Ausatmend mache ich auf dem Absatz kehrt und schaue ein letztes Mal auf mein Telefon. Die Route bis zur nächsten U-Bahn zeigt nur fünf Minuten an. Das sollte ich also schaffen.
Gerade als ich loslaufen will, fällt mir jemand ins Auge. Links im düsteren Schatten der Bäume verborgen, steht ein Mann. Seine Statur und sein Anzug kommen mir verdächtig bekannt vor. Schluckend halte ich inne und betrachte ihn. Es ist Kyle, der rauchend an der Fahrertür des schwarzen SUVs lehnt und mich über die Straße hinweg betrachtet. Es kann kein Zufall sein, dass er hier ist. Wieso sollte er so spät abends ausgerechnet vor dem Restaurant rauchen, in dem ich sitze? Es ergibt keinen Sinn. Ich schaue mich nervös um, doch niemand ist zu sehen. Als ich sicher bin das gerade kein Auto kommt, eile ich über die Straße in seine Richtung. Er lässt die Zigarette fallen, tritt sie mit seiner Schuhsohle aus und strafft seinen Anzug. Verdammt, der will sicher was von mir, sonst würde er hier nicht stehen. Ob Santino ihn geschickt hat? Aber wieso will er jetzt mit mir sprechen? Es sind fünf Wochen vergangen, in denen wir kein Wort mehr miteinander gewechselt haben.

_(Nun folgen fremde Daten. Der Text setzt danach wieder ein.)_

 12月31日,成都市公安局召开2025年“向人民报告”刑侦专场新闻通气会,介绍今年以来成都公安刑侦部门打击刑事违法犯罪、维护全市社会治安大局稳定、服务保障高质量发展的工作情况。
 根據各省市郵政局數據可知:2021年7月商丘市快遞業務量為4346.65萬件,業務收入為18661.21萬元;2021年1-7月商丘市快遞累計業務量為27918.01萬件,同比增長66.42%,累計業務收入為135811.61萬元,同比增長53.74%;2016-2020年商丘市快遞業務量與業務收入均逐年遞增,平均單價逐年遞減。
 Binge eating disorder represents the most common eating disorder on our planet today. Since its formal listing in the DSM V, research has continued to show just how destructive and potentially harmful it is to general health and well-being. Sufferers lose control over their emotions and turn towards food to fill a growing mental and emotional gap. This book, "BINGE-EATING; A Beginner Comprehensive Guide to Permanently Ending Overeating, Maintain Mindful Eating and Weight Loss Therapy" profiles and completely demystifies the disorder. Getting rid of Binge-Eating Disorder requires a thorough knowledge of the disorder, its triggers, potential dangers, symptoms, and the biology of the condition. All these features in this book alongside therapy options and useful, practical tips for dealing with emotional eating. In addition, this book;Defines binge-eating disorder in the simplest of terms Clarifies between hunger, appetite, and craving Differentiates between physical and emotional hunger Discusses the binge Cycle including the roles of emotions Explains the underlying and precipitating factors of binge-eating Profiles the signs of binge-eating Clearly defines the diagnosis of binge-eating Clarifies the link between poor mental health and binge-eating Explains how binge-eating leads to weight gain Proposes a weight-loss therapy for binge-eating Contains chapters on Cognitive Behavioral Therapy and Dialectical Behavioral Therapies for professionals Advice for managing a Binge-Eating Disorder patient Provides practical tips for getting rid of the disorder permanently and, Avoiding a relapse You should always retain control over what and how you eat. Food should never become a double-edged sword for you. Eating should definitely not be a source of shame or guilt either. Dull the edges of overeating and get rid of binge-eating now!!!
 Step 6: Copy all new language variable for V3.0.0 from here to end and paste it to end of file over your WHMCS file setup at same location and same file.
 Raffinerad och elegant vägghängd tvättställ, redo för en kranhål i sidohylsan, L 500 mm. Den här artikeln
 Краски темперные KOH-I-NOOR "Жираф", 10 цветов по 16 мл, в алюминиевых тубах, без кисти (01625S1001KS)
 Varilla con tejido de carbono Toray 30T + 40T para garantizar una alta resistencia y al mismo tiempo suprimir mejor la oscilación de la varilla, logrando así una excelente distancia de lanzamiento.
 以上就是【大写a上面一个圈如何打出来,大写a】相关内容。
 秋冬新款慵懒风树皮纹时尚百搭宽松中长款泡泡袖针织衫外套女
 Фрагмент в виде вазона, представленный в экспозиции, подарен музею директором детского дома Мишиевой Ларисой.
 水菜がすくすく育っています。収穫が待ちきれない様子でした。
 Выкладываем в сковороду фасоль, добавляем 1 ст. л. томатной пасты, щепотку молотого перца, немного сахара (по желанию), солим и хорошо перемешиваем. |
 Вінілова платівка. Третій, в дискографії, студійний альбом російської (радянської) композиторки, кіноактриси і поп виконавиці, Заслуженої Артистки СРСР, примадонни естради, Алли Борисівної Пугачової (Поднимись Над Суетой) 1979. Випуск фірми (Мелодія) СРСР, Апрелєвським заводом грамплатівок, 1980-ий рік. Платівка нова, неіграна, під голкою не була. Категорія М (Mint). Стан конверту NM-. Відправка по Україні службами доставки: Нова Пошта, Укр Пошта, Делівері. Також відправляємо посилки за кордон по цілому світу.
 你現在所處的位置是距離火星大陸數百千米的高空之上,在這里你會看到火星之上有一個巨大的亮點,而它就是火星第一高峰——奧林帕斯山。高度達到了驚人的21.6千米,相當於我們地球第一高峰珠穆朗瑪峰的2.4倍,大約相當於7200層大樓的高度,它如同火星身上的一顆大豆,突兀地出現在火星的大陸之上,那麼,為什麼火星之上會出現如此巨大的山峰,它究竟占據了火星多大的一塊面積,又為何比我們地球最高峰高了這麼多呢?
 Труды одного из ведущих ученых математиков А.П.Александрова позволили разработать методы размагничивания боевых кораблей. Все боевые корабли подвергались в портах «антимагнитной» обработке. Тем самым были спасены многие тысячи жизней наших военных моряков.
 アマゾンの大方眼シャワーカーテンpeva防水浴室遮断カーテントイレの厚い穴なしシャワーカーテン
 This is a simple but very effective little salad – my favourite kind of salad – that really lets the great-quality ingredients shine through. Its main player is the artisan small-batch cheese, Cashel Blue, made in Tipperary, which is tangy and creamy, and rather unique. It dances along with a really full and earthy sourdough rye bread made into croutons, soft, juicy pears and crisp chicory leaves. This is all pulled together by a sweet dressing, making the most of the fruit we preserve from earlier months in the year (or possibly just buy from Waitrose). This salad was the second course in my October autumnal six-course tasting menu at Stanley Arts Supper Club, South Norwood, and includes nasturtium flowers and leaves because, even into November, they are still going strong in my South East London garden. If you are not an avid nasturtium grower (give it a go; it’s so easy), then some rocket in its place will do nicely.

»Kyle?«, spreche ich ihn an und mein heißer Atem steigt rauchend in die kalte Luft. Er öffnet mir die hintere Autotür ohne mich anzuschauen. »Steig ein«, fordert er monoton und in der Dunkelheit des Autos erkenne ich vage die Züge einer weiteren Person auf dem Rücksitz sitzen.